As for the car bing a bit slow with the AC on....welll yes it will do that. And since you are in a 1.8T engine it will be more notacable than say on a 6L I6.
You may also want to get her a new set of rims and tires, the lighter your rim/tire the faster the car will accelerate and turnin. 
Good luck.

Lol, good idea to wait a year till Waterfest


----------



## shahram177 (Aug 5, 2003)

Is it an auto or a stick?
I had the unfortunate opportunity to drive a slush box bug once. When compared to my wifes manual NBS with it's 6 speed transmission it was a night and day difference.


----------



## Billsbug (Sep 15, 2004)

*Re: (shahram177)*


_Quote, originally posted by *shahram177* »_Is it an auto or a stick?
I had the unfortunate opportunity to drive a slush box bug once. When compared to my wifes manual NBS with it's 6 speed transmission it was a night and day difference.

Uh-oh.


----------



## shahram177 (Aug 5, 2003)

Mate my two cents.
If it's a slush box just give it a rest. 
Slap on new rims ( http://edgeracing.com/ ) on the car and forget about the chip. It adds about 30hp to the car but once that power makes it way past the slush box it won't all be there.


----------



## Billsbug (Sep 15, 2004)

*Re: (shahram177)*


_Quote, originally posted by *shahram177* »_Mate my two cents.
If it's a slush box just give it a rest. 
Slap on new rims ( http://edgeracing.com/ ) on the car and forget about the chip. It adds about 30hp to the car but once that power makes it way past the slush box it won't all be there. 

Relax dude.








I have, and always have, driven stick. HOWEVER, there's a certain someone who will pipe up on ur 'slush box' remarks.


----------



## shahram177 (Aug 5, 2003)

There are some real slush box lovers out there. And well, hay it's not my cup of tea. I prefer my crash box to a slush box any day. 
As for the edge racing, I swaped out my wifes NBS OEM rims with a nice set of aftermarket Enki rims and the car feels much faster.
May be a more practical method of solving your problem. Unsprung mass really does effect the behavior of a car.


----------



## shahram177 (Aug 5, 2003)

Hay just had a brain fart! 
If your wifes car is a slush box, maybe some one makes some sort of chip for that?
I'm sure right now it's set at being set up for the average driver. Maybe there is a chip that would push out the change points?


----------



## Billsbug (Sep 15, 2004)

*Re: (shahram177)*


_Quote, originally posted by *shahram177* »_
Slap on new rims ( http://edgeracing.com/ ) on the car and forget about the chip. It adds about 30hp to the car...

30 lbs of saved wheel weight, say 6 lbs per tire, does not equal 30hp in gains.
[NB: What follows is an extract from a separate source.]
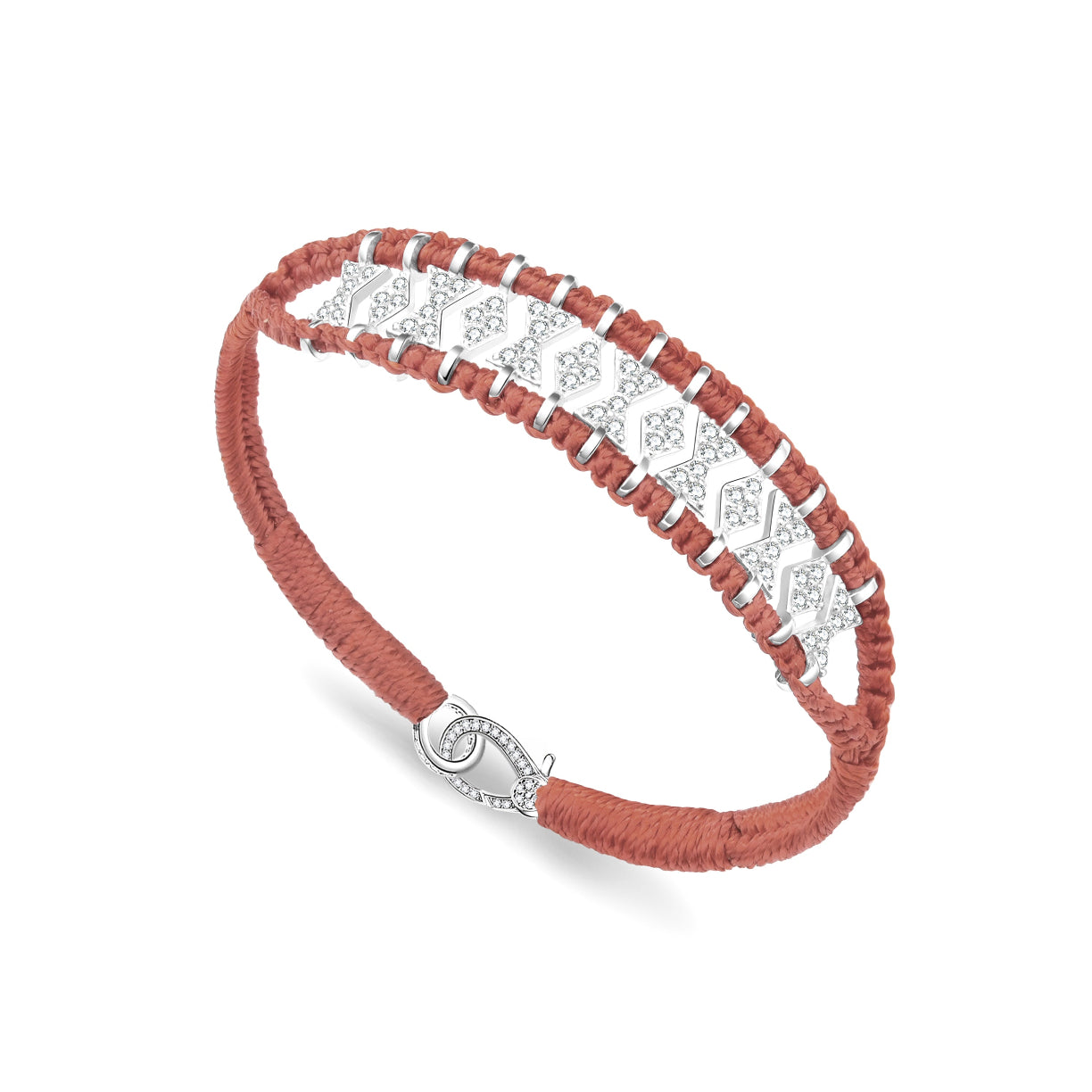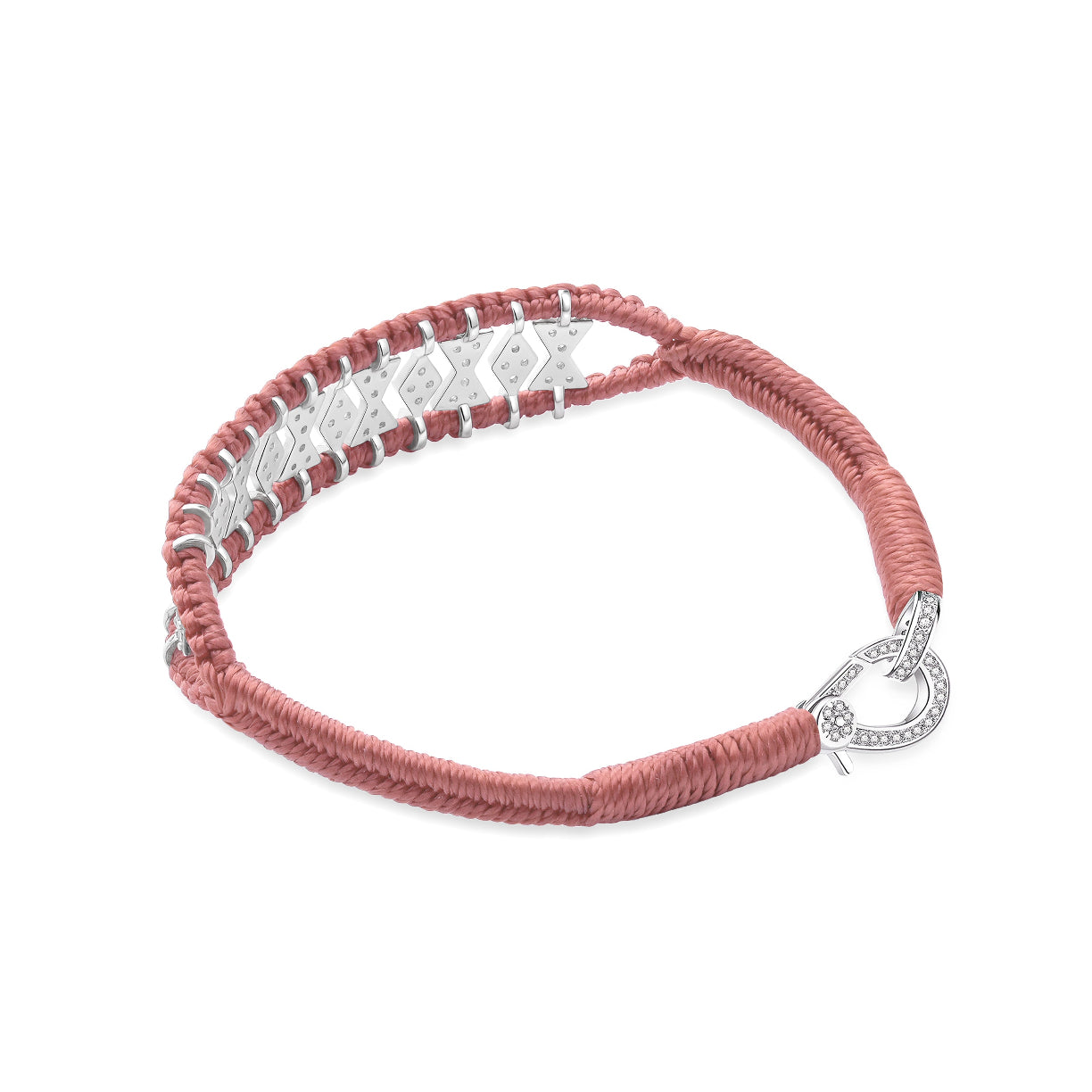 Bracelet fin en fil de coton tressé de couleur blush, décoré d’un motif en argent 925 et serti de moissanites.

_Modified by Billsbug at 1:53 PM 11-13-2007_


----------



## Billsbug (Sep 15, 2004)

*Re: (shahram177)*


_Quote, originally posted by *shahram177* »_Hay just had a brain fart! 
If your wifes car is a slush box, maybe some one makes some sort of chip for that?
I'm sure right now it's set at being set up for the average driver. Maybe there is a chip that would push out the change points? 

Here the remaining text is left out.